» ACTIVITY: Please return only the lines from the one holding "หน้าแรก / ทัวร์ทั้งหมด" through the one holding "Highly Multi-relational Data", exactly as they appear in the records below, both ends included.

Stored items:
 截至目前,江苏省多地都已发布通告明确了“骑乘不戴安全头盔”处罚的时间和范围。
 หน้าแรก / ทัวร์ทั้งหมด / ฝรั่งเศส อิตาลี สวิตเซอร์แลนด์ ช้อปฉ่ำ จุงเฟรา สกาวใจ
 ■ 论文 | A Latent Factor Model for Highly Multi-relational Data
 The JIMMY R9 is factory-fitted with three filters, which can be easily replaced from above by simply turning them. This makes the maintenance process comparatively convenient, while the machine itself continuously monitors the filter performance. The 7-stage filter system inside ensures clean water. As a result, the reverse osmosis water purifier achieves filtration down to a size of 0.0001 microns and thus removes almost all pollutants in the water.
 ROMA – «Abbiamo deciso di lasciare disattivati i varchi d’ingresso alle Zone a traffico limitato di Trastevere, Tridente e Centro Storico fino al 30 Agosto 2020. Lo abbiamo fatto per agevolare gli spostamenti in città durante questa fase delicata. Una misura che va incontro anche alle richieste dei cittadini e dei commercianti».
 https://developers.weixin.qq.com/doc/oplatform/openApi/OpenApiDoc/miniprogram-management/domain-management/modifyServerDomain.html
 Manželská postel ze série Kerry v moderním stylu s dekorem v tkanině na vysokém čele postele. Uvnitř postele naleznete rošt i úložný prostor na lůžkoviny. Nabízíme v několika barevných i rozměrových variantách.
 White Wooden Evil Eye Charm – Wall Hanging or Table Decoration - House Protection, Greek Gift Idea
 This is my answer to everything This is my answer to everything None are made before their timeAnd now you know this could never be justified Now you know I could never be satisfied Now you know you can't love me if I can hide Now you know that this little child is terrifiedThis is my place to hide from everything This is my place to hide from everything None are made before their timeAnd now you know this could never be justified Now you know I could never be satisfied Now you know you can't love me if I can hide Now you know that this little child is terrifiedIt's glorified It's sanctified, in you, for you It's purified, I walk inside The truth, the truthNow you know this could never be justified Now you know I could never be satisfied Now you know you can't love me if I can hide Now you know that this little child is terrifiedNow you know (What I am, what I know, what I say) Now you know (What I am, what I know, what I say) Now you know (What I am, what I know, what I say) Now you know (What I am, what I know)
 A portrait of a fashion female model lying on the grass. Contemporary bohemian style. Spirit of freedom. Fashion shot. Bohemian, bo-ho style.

» EXERCISE ANSWER:
 หน้าแรก / ทัวร์ทั้งหมด / ฝรั่งเศส อิตาลี สวิตเซอร์แลนด์ ช้อปฉ่ำ จุงเฟรา สกาวใจ
 ■ 论文 | A Latent Factor Model for Highly Multi-relational Data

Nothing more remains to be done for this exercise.